■ **ACTIVITY**:
Could you restate the data below word for word, without its pictures?

*** DATASET SECTION ***

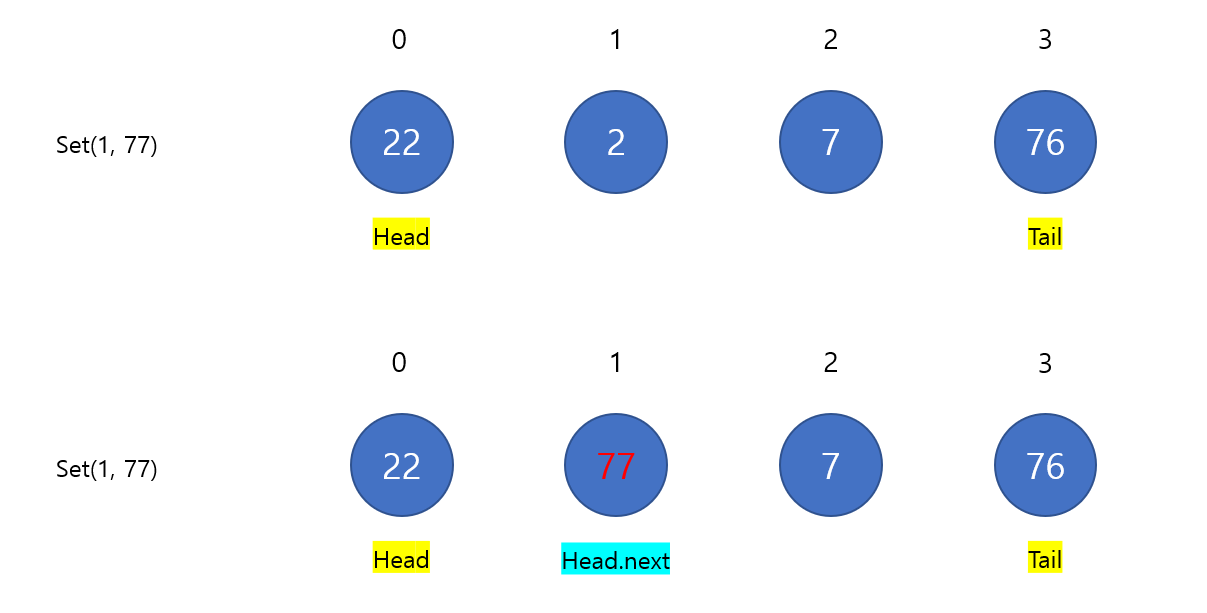 set(index, value) : 특정 노드를 찾고, 노드의 값을 value로 적은 값으로 수정하는 것
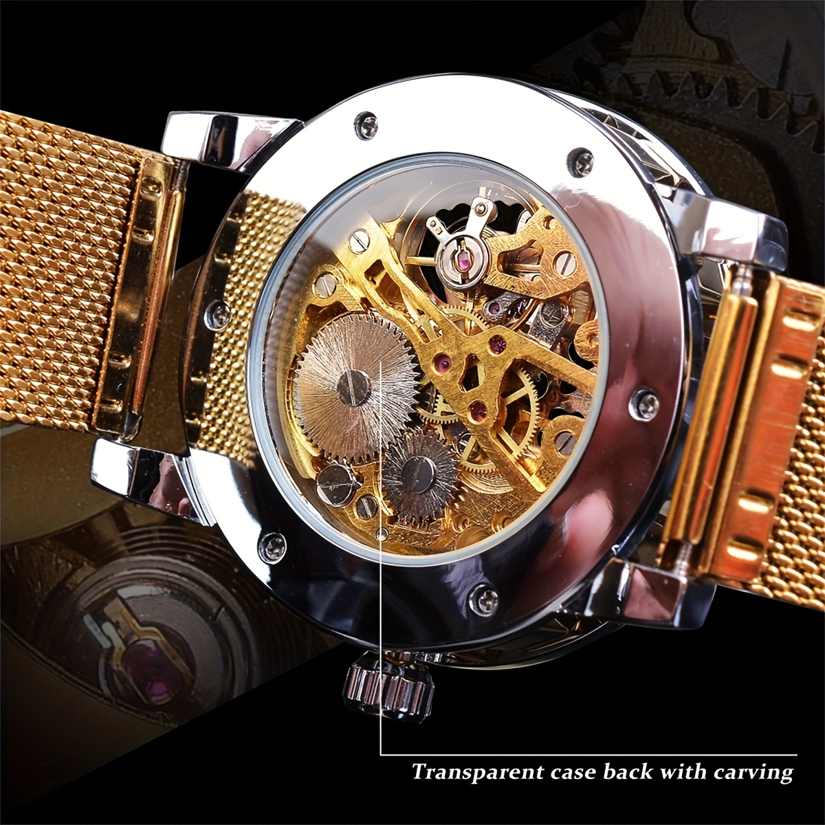 1pc Elegant Men's Mechanical Watch with Rhinestone Accents, Golden-Tone Hollow Mesh Band, Stainless Steel & Zinc Alloy Case, Self-Winding Movement, No Battery Needed - Business Style Luxury Watch for Formal & Casual Wear, For
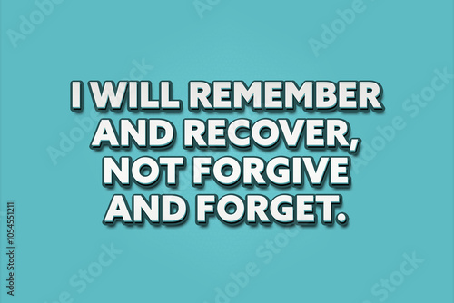 I will remember and recover, not forgive and forget. A Illustration with white text isolated on light green background.
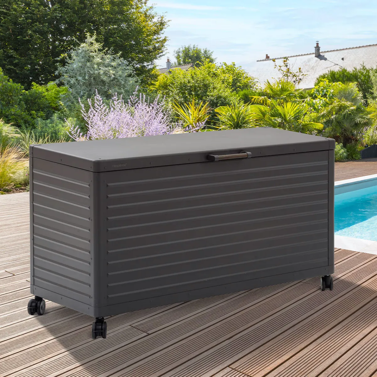 Baúl de acero gris EDENIO | 130x78x60,4cm | Estructura tratada con epoxi antioxidante. Cierre de la tapa con 2 cilindros. Fácilmente maniobrable gracias a sus 4 ruedas. 500L | Color: gris | Medidas: 130x78x60.4cm | Material: Acero | Marca: Hespéride

*** End of DATASET SECTION ***

■ **ANSWER TO THE PROBLEM**:
 set(index, value) : 특정 노드를 찾고, 노드의 값을 value로 적은 값으로 수정하는 것
 1pc Elegant Men's Mechanical Watch with Rhinestone Accents, Golden-Tone Hollow Mesh Band, Stainless Steel & Zinc Alloy Case, Self-Winding Movement, No Battery Needed - Business Style Luxury Watch for Formal & Casual Wear, For
 I will remember and recover, not forgive and forget. A Illustration with white text isolated on light green background.
 Baúl de acero gris EDENIO | 130x78x60,4cm | Estructura tratada con epoxi antioxidante. Cierre de la tapa con 2 cilindros. Fácilmente maniobrable gracias a sus 4 ruedas. 500L | Color: gris | Medidas: 130x78x60.4cm | Material: Acero | Marca: Hespéride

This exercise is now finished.